With an embodiment of the disclosure, original comment information of a user relevant to a product is collected from a micro-blog and/or a forum, and is filtered and analyzed to acquire a trend of user comments (by word of mouth) on the product and a hotspot of user interest of the product (a word of public interest); acquired words of public interest and/or words of mouth are classified and counted to acquire a report on quantitative analysis and/or a report on qualitative analysis regarding the product, such that a product operator may fully learn, according to the report on quantitative analysis and/or the report on qualitative analysis, user feedback on use of the product, so as to improve the product and increase user satisfaction in use. In addition, as the original comment information of the user relevant to the product is collected directly from a micro-blog and/or a forum, any of the original information is provided by a user on his/her own initiative (such as by posting a message on a micro-blog, leaving a message on a forum, etc.), without the need to invite any user to take any survey or investigation, thereby effectively reducing cost. Meanwhile, automatic processing after information collection effectively increases efficiency and accuracy. In addition, as multiple information sources (such as Tencent micro-blog, Sina micro-blog, a support platform, etc.) are covered at the same time, a problem of a bias due to a platform difference, reduced degree of accuracy due to lack of quantitative data and high cost in questionnaire distribution may be prevented effectively.

Embodiment 2

FIG. 2 shows a specific flowchart of a method for acquiring product information according to Embodiment 2 of the disclosure. The embodiment includes four main steps: information collecting, information filtering, information analyzing, and quantitative-and-qualitative-text acquiring.

As shown in FIG. 2, during information collecting, the original comment information of the user relevant to the product is collected, mainly through an API and/or a web crawler, from an information source such as a micro-blog, a forum or the like (such an information source may further include a platform of an internal website, such as a support platform, An Exp platform, etc.), and the collected original information is stored in a database.

During information filtering, impurity text (i.e. text information completely irrelevant to the product) has to be removed first, then, repeating content and invalid information may be removed for different platforms. Removing repeating content may include that repeating content text and a repeating username are removed. Removing the invalid information may include that irrelevant text information, information released officially, information released by a water army, and advertising information, etc. are removed.

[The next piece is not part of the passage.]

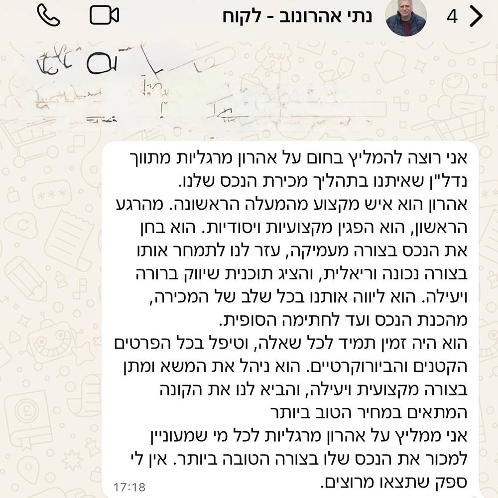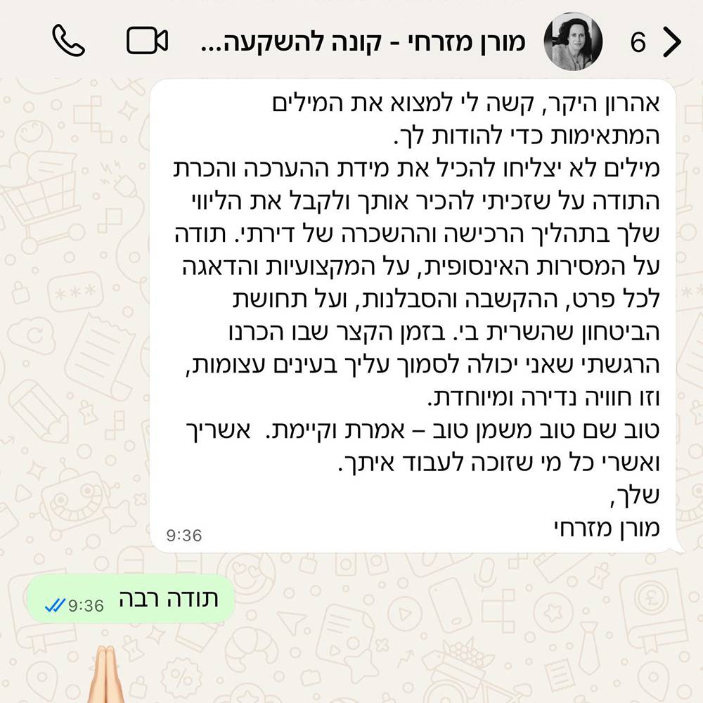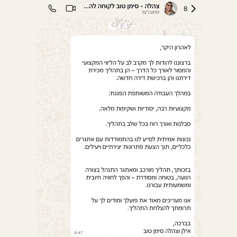 החזון שלי: להפוך את עולם הנדלן לנגיש, ברור ואישי. אצלי תמצאו עסקאות איכותיות, ליווי צמוד, והסברים בגובה העיניים – כי הדרך לבית הבא שלכם צריכה להיות בטוחה וברורה.

The information analyzing may include that: the filtered information is sorted, mainly as media news, active shared information, and recommendations and comments; word segmentation is performed on the filtered information according to a common noun of the product and/or a competing product thereof by calling a segmenting algorithm in the ICTCLAS through a segmenting interface provided by the ICTCLAS to acquire the result of the word segmentation, which is then corrected through a pre-stored segmenting lexicon to acquire a corrected result; the corrected result is sifted through a pre-stored word-of-mouth lexicon and an invalid lexicon to acquire a word of public interest and/or a word of mouth relevant to the product. The information analyzing may further include that recommending text is acquired by sifting a recommending micro-blog through recommendations and comments and a pre-stored recommendation lexicon.

During qualitative text acquiring, a report on quantitative and qualitative analysis of the product may be acquired by ways such as classifying, interpreting, analyzing, and counting an acquired word of public interest and word of mouth.

Embodiment 3

FIG. 3 shows a schematic diagram of a structure of a device for acquiring product information according to Embodiment 3 of the disclosure, where to facilitate description, only the part relevant to the embodiment of the disclosure is shown.

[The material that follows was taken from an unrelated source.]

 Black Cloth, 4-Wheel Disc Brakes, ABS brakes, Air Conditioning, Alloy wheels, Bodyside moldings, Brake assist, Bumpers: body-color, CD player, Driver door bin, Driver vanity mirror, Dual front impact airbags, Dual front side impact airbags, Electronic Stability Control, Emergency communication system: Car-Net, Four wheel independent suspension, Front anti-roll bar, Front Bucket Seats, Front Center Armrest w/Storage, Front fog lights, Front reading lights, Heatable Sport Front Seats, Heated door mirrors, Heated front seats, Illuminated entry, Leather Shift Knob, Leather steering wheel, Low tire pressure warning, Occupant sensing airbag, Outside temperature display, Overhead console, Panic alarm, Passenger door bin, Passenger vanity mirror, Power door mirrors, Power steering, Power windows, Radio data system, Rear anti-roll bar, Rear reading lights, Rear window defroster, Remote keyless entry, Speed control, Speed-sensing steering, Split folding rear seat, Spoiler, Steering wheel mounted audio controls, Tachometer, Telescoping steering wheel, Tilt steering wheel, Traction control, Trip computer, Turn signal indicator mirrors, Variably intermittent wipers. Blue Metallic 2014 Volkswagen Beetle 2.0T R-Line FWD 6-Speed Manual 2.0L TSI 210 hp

The device for acquiring product information may be a software unit, a hardware unit or a unit combining software and hardware running in various application systems.

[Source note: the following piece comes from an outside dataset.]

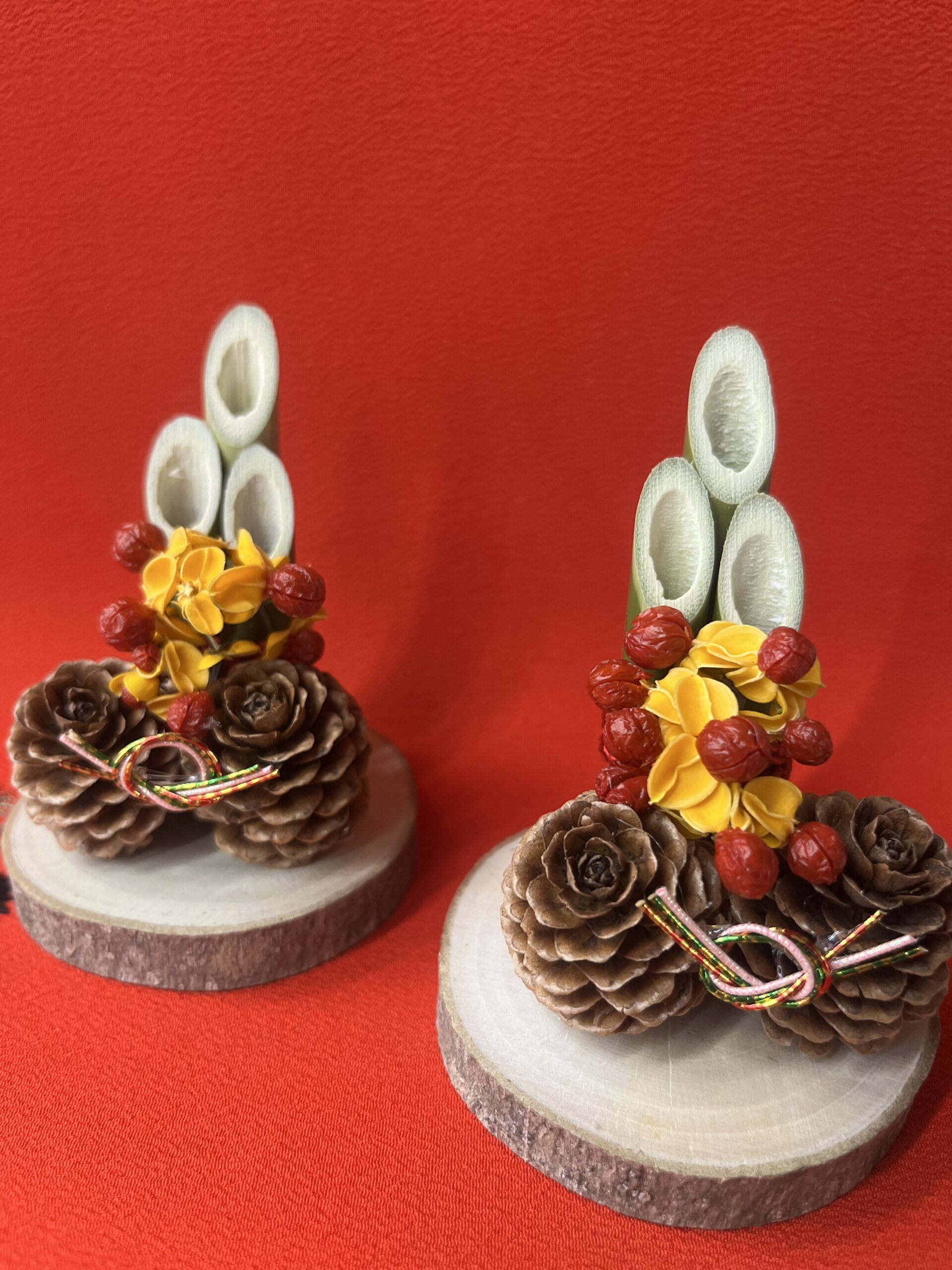 唐松(カラマツ)の松ぼっくり、根まがり竹(チシマザサ)、蔓梅擬(ツルウメモドキ)の果実で作っています!

The device for acquiring product information includes an information collecting module 31, an information filtering module 32, an information analyzing module 33, and a result acquiring module 34, a specific function of each module is as follows.

The information collecting module 31 is configured for collecting, from a public platform, original comment information of a user relevant to a product; the public platform may include a micro-blog and/or a forum.

The information filtering module 32 is configured for filtering the original information collected by the information collecting module.

The information analyzing module 33 is configured for analyzing the information filtered by the information filtering module and acquiring the information on relevance to the product; the information on relevance may include a word of public interest and/or a word of mouth.

The result acquiring module 34 is configured for acquiring information on user feedback on the product by classifying and then counting and analyzing the acquired information on relevance.

The device may further include:

an information storing module 35 configured for: before filtering the collected original information, sorting and then storing the collected original information according to characteristics of content of the collected original information.

The information analyzing module 33 may include:

a word segmenting module 331 configured for: performing, according to a common noun of the product, and/or a like product which is like the product and a similar product which is similar to the product, word segmentation on the filtered information and acquiring a result of the word segmentation.

The information analyzing module 33 may include an acquiring module 332 configured for: acquiring the information on relevance by selecting, from the result of the word segmentation from the word segmenting module, an expression meeting a set frequency of occurrence, and sifting the selected expression through a pre-stored lexicon.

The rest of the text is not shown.